DATA BLOCK.
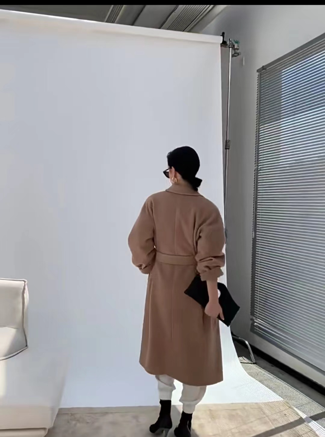 Pháp 2023 Cao Cấp Cashmere Áo Khoác Nữ Mùa Đông 90% Len 10% Cashmere Khóa Sừng Len 2 Mặt 101801
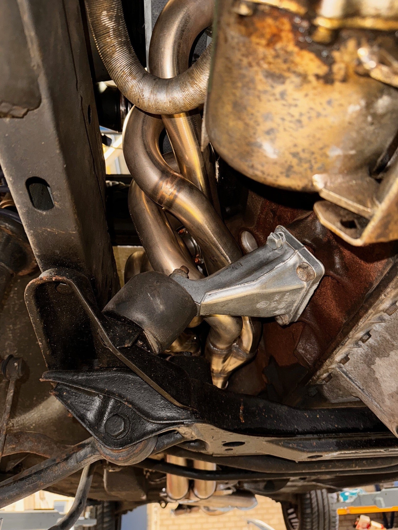 Complete RVS uitlaat, inclusief "spaghetti spruitstuk" en aangepaste motorsteun, gemonteerd (ca. 35 PK winst)
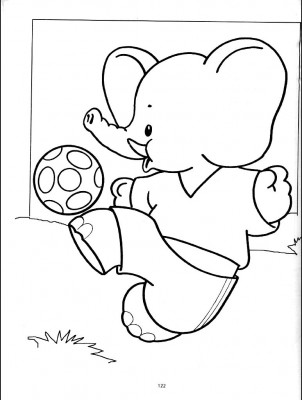 Opis kolorowanki ze słoniem grającym w piłkę Przedstawiona kolorowanka do druku
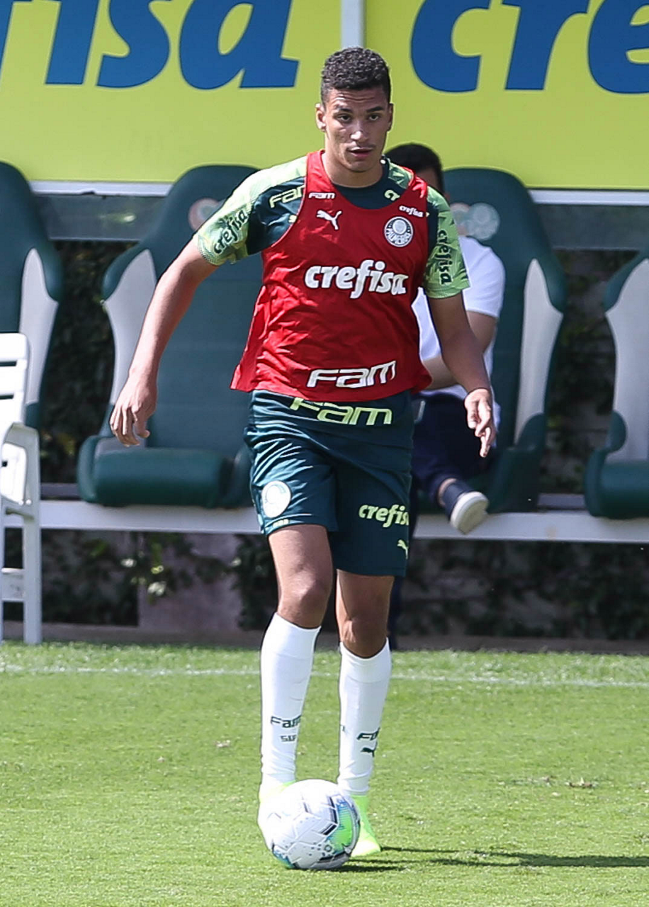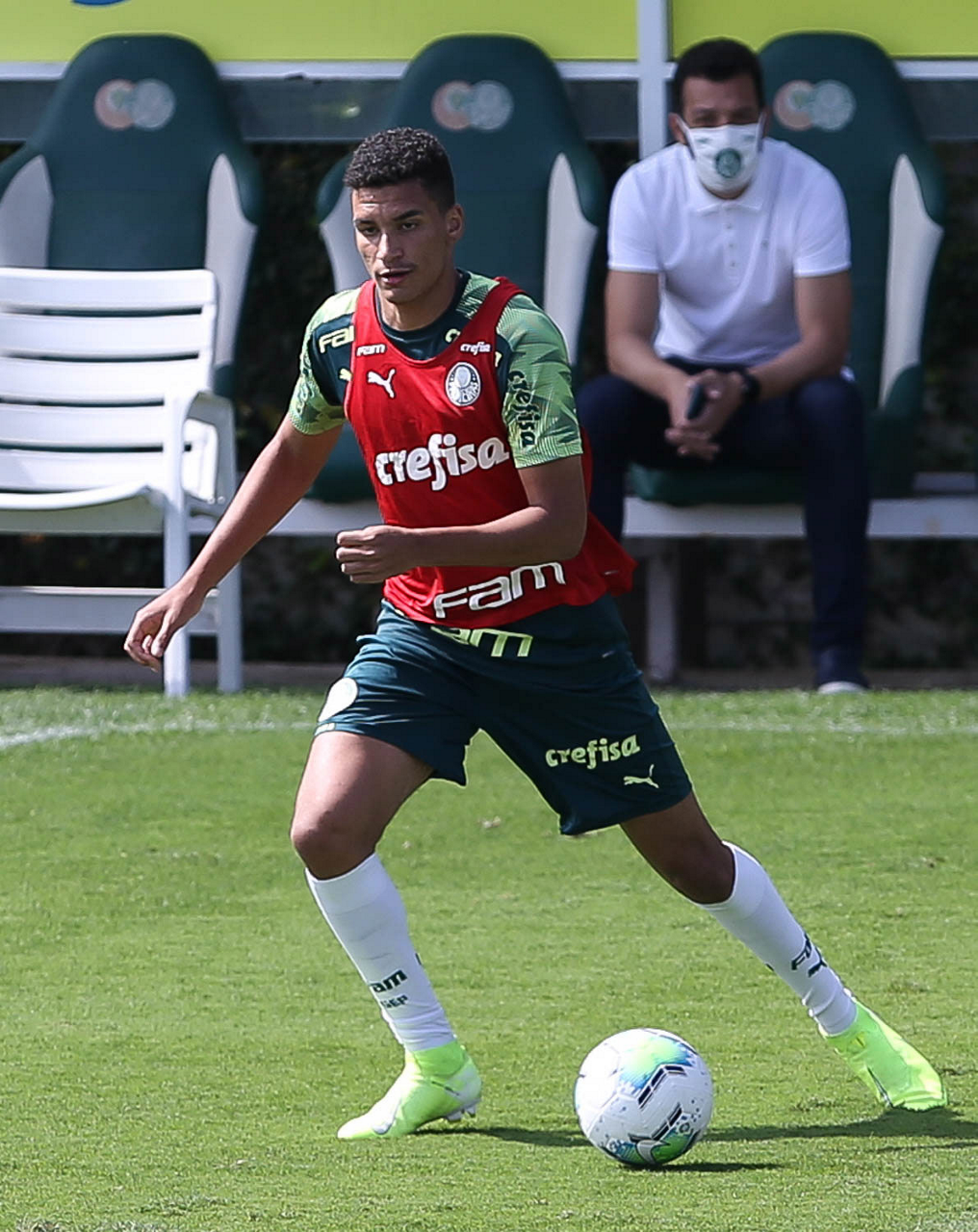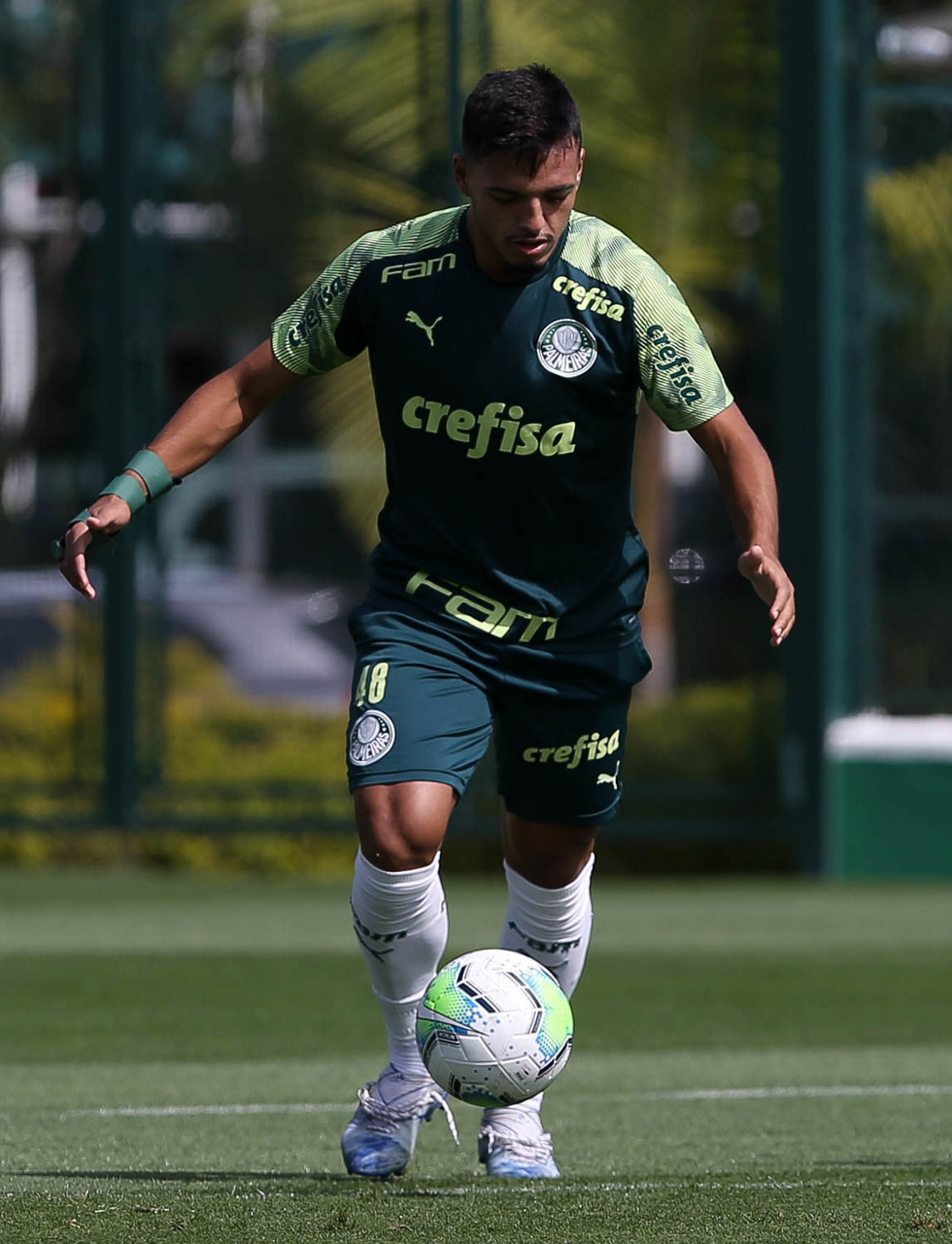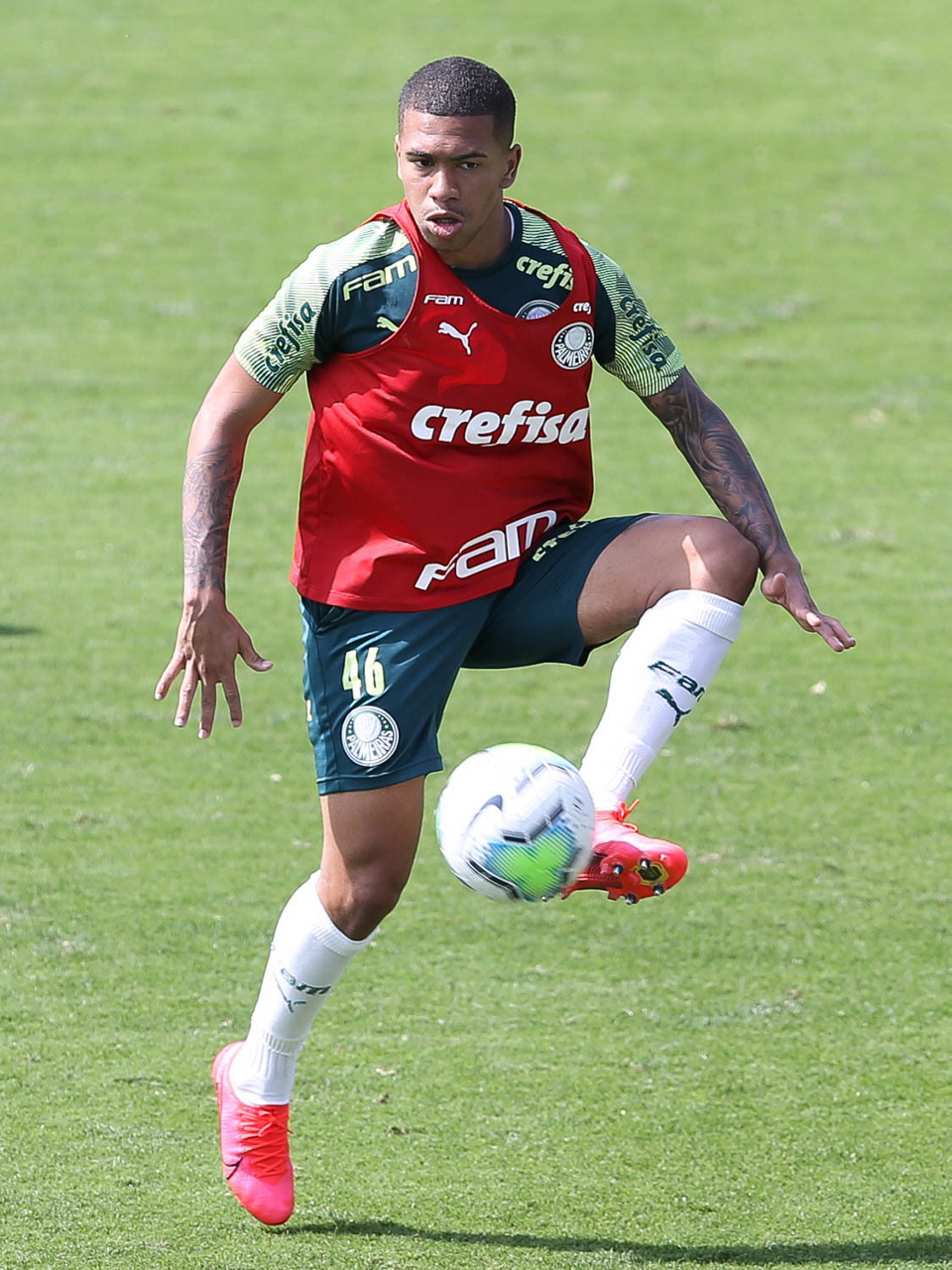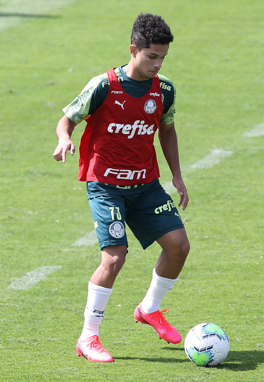 O jogador Gabriel Menino, da SE Palmeiras, durante treinamento, na Academia de Futebol. (Foto: Cesar Greco)

WHAT TO DO.
All the material shown above is to be copied exactly, with no pictures carried over.

EXERCISE RESULT.
 Pháp 2023 Cao Cấp Cashmere Áo Khoác Nữ Mùa Đông 90% Len 10% Cashmere Khóa Sừng Len 2 Mặt 101801
 Complete RVS uitlaat, inclusief "spaghetti spruitstuk" en aangepaste motorsteun, gemonteerd (ca. 35 PK winst)
 Opis kolorowanki ze słoniem grającym w piłkę Przedstawiona kolorowanka do druku
 O jogador Gabriel Menino, da SE Palmeiras, durante treinamento, na Academia de Futebol. (Foto: Cesar Greco)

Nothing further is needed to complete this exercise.